* **Action item**
I would like the lines below, from the one with "Diese Tunika basiert" through the one with "নেত্রকোনায় বিআরটিসি বাসে", copied exactly and without any pictures.

* **Data**
----------------------------------------

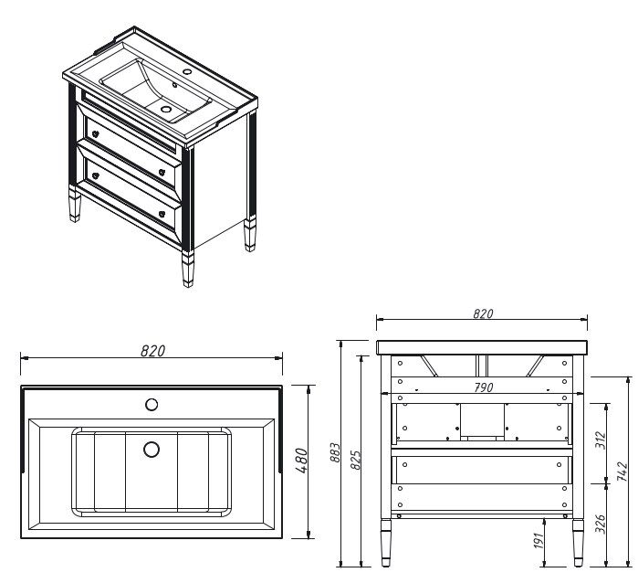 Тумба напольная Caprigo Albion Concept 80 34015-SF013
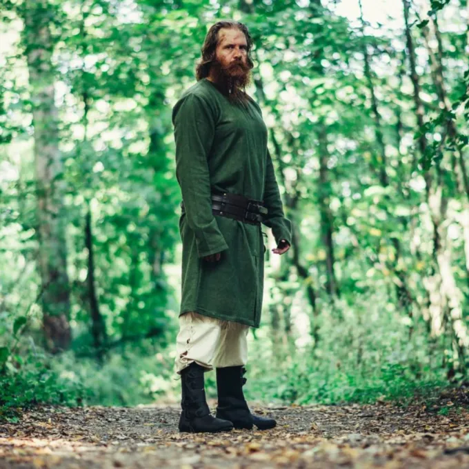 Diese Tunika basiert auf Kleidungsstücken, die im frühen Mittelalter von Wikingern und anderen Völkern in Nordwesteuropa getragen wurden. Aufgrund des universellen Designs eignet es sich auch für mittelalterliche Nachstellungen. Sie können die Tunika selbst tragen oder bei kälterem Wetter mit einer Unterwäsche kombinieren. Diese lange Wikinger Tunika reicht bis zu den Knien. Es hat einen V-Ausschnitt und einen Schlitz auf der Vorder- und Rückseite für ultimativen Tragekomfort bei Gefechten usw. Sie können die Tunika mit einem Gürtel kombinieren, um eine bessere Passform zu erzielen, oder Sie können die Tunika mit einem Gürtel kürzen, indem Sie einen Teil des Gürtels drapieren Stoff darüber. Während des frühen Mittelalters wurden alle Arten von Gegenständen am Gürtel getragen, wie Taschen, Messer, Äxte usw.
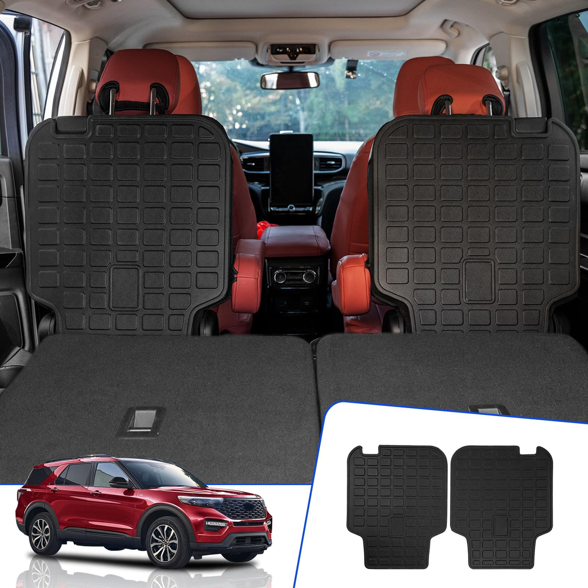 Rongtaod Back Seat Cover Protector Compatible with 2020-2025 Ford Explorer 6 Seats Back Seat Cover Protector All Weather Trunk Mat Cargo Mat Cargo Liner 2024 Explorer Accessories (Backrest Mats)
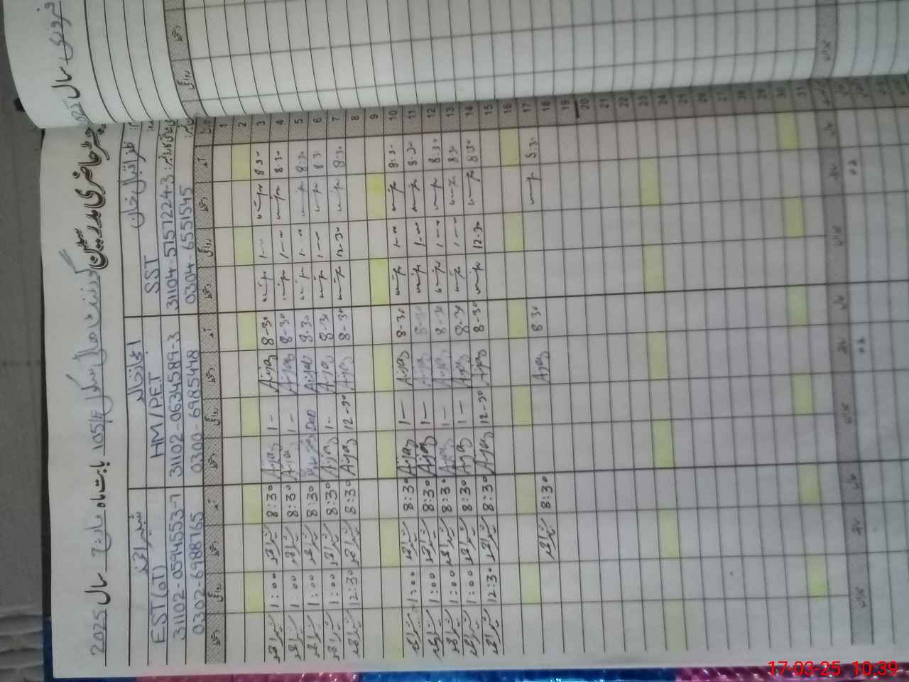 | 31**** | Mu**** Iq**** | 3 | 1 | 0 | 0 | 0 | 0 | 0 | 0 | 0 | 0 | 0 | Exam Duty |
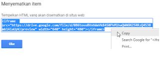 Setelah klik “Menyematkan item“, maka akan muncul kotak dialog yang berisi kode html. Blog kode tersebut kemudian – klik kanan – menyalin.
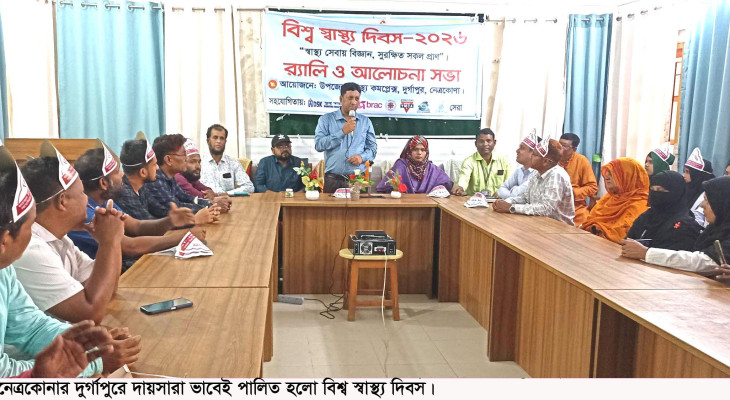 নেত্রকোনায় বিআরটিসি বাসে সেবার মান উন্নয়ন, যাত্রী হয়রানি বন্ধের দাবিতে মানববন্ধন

----------------------------------------

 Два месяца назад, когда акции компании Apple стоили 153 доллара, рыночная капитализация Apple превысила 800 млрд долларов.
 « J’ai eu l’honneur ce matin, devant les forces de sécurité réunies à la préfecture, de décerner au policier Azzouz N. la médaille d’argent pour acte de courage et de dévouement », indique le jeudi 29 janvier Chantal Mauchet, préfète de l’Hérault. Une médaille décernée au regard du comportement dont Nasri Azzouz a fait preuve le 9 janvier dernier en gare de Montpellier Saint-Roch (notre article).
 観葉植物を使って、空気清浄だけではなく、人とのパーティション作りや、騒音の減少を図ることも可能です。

----------------------------------------

* **Result of the task**
 Diese Tunika basiert auf Kleidungsstücken, die im frühen Mittelalter von Wikingern und anderen Völkern in Nordwesteuropa getragen wurden. Aufgrund des universellen Designs eignet es sich auch für mittelalterliche Nachstellungen. Sie können die Tunika selbst tragen oder bei kälterem Wetter mit einer Unterwäsche kombinieren. Diese lange Wikinger Tunika reicht bis zu den Knien. Es hat einen V-Ausschnitt und einen Schlitz auf der Vorder- und Rückseite für ultimativen Tragekomfort bei Gefechten usw. Sie können die Tunika mit einem Gürtel kombinieren, um eine bessere Passform zu erzielen, oder Sie können die Tunika mit einem Gürtel kürzen, indem Sie einen Teil des Gürtels drapieren Stoff darüber. Während des frühen Mittelalters wurden alle Arten von Gegenständen am Gürtel getragen, wie Taschen, Messer, Äxte usw.
 Rongtaod Back Seat Cover Protector Compatible with 2020-2025 Ford Explorer 6 Seats Back Seat Cover Protector All Weather Trunk Mat Cargo Mat Cargo Liner 2024 Explorer Accessories (Backrest Mats)
 | 31**** | Mu**** Iq**** | 3 | 1 | 0 | 0 | 0 | 0 | 0 | 0 | 0 | 0 | 0 | Exam Duty |
 Setelah klik “Menyematkan item“, maka akan muncul kotak dialog yang berisi kode html. Blog kode tersebut kemudian – klik kanan – menyalin.
 নেত্রকোনায় বিআরটিসি বাসে সেবার মান উন্নয়ন, যাত্রী হয়রানি বন্ধের দাবিতে মানববন্ধন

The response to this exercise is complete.